Home | About | Sematext search-lucene.com search-hadoop.com
 Search Hadoop and all its subprojects:

Switch to Threaded View
HBase >> mail # user >> Poor HBase map-reduce scan performance


Copy link to this message
-
Re: Poor HBase map-reduce scan performance
Yes, I have tried various settings for setCaching() and I have setCacheBlocks(false)

On Apr 30, 2013, at 9:17 PM, Ted Yu <[EMAIL PROTECTED]> wrote:

> From http://hbase.apache.org/book.html#mapreduce.example :
>
> scan.setCaching(500);        // 1 is the default in Scan, which will
> be bad for MapReduce jobs
> scan.setCacheBlocks(false);  // don't set to true for MR jobs
>
> I guess you have used the above setting.
>
> 0.94.x releases are compatible.

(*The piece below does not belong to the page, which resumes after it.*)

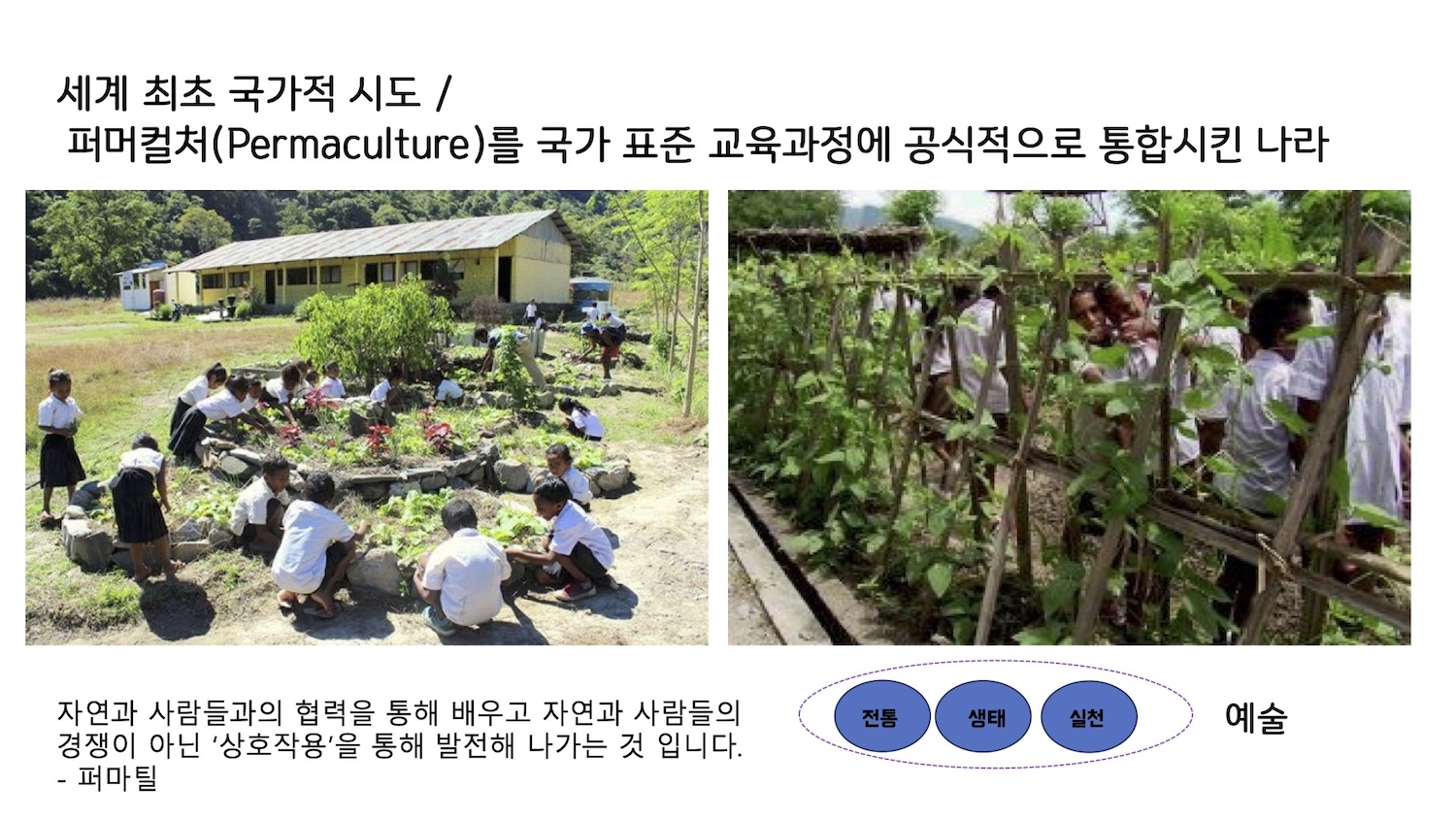 동티모르는 2015년 초등교육과정에 퍼머컬처를 통합시켜 242개 학교, 41000명 이상의 학생에게 교육을 진행하고 있습니다. 그 배경은 농업기술 보급이 아니라 국가 정체성의 회복이었습니다. 이슬은 "동티모르에서는 오랜 식민지배 이후 전통을 업신여기는 풍조가 들었고, 전통적 가치를 더 견고히 하기 위해 국가는 퍼머컬처를 선택했다"고 이유를 설명했습니다. 즉 동티모르에서 퍼머컬처는 새로운 농업 기술이 아니라, 잃어버린 가치를 다시 세우는 교육 언어라는 뜻입니다.

Have you considered upgrading to, say
> 0.94.7 which was recently released ?
>
> Cheers
>
> On Tue, Apr 30, 2013 at 9:01 PM, Bryan Keller <[EMAIL PROTECTED]> wrote:
>
>> I have been attempting to speed up my HBase map-reduce scans for a while
>> now. I have tried just about everything without much luck. I'm running out
>> of ideas and was hoping for some suggestions. This is HBase 0.94.2 and
>> Hadoop 2.0.0 (CDH4.2.1).
>>
>> The table I'm scanning:
>> 20 mil rows
>> Hundreds of columns/row
>> Column keys can be 30-40 bytes
>> Column values are generally not large, 1k would be on the large side
>> 250 regions
>> Snappy compression
>> 8gb region size
>> 512mb memstore flush
>> 128k block size
>> 700gb of data on HDFS
>>
>> My cluster has 8 datanodes which are also regionservers. Each has 8 cores
>> (16 HT), 64gb RAM, and 2 SSDs. The network is 10gbit. I have a separate
>> machine acting as namenode, HMaster, and zookeeper (single instance). I
>> have disk local reads turned on.
>>
>> I'm seeing around 5 gbit/sec on average network IO. Each disk is getting
>> 400mb/sec read IO. Theoretically I could get 400mb/sec * 16 = 6.4gb/sec.
>>
>> Using Hadoop's TestDFSIO tool, I'm seeing around 1.4gb/sec read speed. Not
>> really that great compared to the theoretical I/O. However this is far
>> better than I am seeing with HBase map-reduce scans of my table.
>>
>> I have a simple no-op map-only job (using TableInputFormat) that scans the
>> table and does nothing with data. This takes 45 minutes. That's about
>> 260mb/sec read speed. This is over 5x slower than straight HDFS.
>> Basically, with HBase I'm seeing read performance of my 16 SSD cluster
>> performing nearly 35% slower than a single SSD.
>>
>> Here are some things I have changed to no avail:
>> Scan caching values
>> HDFS block sizes
>> HBase block sizes
>> Region file sizes
>> Memory settings
>> GC settings
>> Number of mappers/node
>> Compressed vs not compressed
>>
>> One thing I notice is that the regionserver is using quite a bit of CPU
>> during the map reduce job. When dumping the jstack of the process, it seems
>> like it is usually in some type of memory allocation or decompression
>> routine which didn't seem abnormal.
>>
>> I can't seem to pinpoint the bottleneck. CPU use by the regionserver is
>> high but not maxed out. Disk I/O and network I/O are low, IO wait is low.
>> I'm on the verge of just writing the dataset out to sequence files once a
>> day for scan purposes. Is that what others are doing?